### Assignment:
Exact copy, no pictures: restate each entry below word for word.

== Information supplied ==

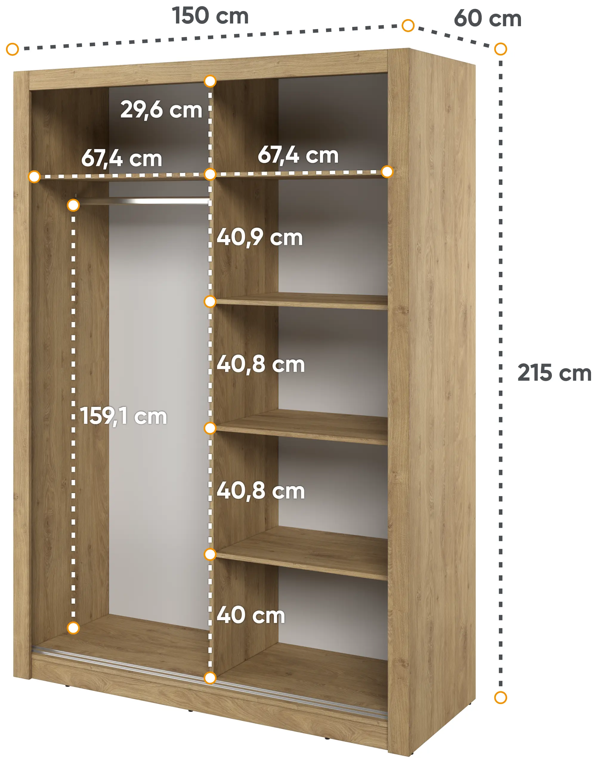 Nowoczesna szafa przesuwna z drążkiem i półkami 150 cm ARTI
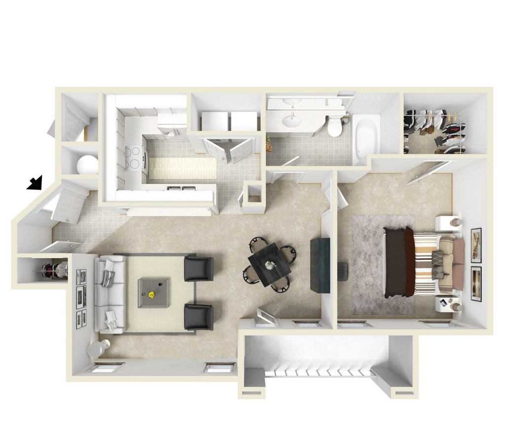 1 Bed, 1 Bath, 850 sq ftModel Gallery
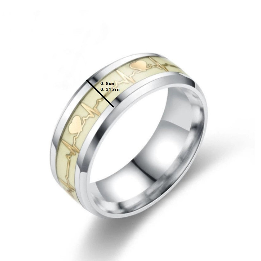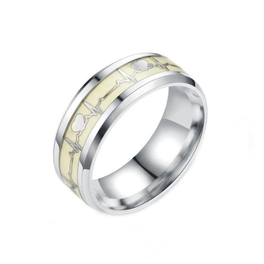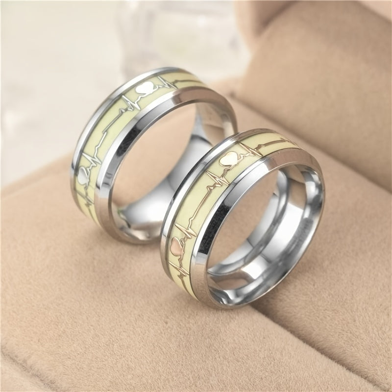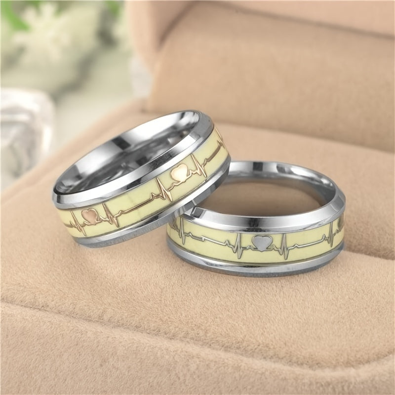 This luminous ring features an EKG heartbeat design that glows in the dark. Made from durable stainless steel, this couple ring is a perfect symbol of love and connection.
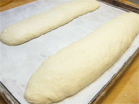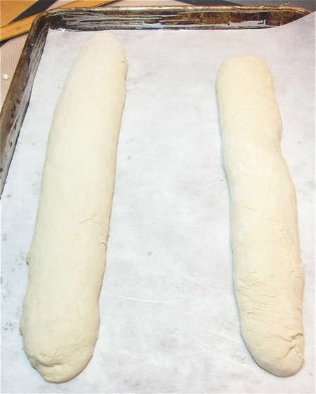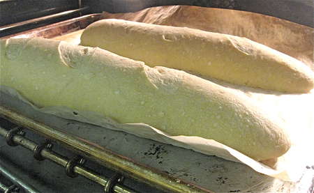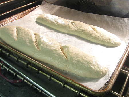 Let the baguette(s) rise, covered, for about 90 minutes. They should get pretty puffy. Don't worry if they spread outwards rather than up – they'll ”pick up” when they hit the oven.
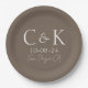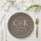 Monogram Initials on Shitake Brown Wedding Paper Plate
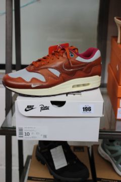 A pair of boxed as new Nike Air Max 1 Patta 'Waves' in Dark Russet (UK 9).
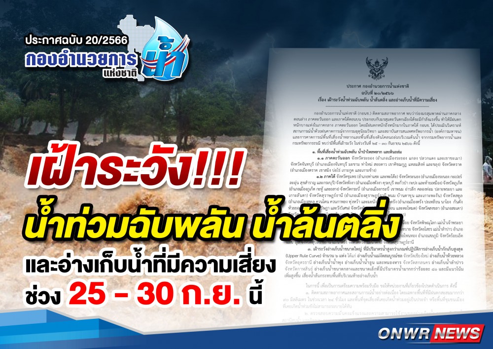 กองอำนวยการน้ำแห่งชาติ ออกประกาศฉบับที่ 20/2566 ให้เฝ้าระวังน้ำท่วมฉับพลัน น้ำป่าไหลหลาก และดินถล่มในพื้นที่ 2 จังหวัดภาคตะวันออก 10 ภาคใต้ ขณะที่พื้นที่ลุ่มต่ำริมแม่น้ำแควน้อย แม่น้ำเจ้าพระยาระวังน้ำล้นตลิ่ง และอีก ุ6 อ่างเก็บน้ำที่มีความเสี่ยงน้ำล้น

===

### Answer section:
 Nowoczesna szafa przesuwna z drążkiem i półkami 150 cm ARTI
 1 Bed, 1 Bath, 850 sq ftModel Gallery
 This luminous ring features an EKG heartbeat design that glows in the dark. Made from durable stainless steel, this couple ring is a perfect symbol of love and connection.
 Let the baguette(s) rise, covered, for about 90 minutes. They should get pretty puffy. Don't worry if they spread outwards rather than up – they'll ”pick up” when they hit the oven.
 Monogram Initials on Shitake Brown Wedding Paper Plate
 A pair of boxed as new Nike Air Max 1 Patta 'Waves' in Dark Russet (UK 9).
 กองอำนวยการน้ำแห่งชาติ ออกประกาศฉบับที่ 20/2566 ให้เฝ้าระวังน้ำท่วมฉับพลัน น้ำป่าไหลหลาก และดินถล่มในพื้นที่ 2 จังหวัดภาคตะวันออก 10 ภาคใต้ ขณะที่พื้นที่ลุ่มต่ำริมแม่น้ำแควน้อย แม่น้ำเจ้าพระยาระวังน้ำล้นตลิ่ง และอีก ุ6 อ่างเก็บน้ำที่มีความเสี่ยงน้ำล้น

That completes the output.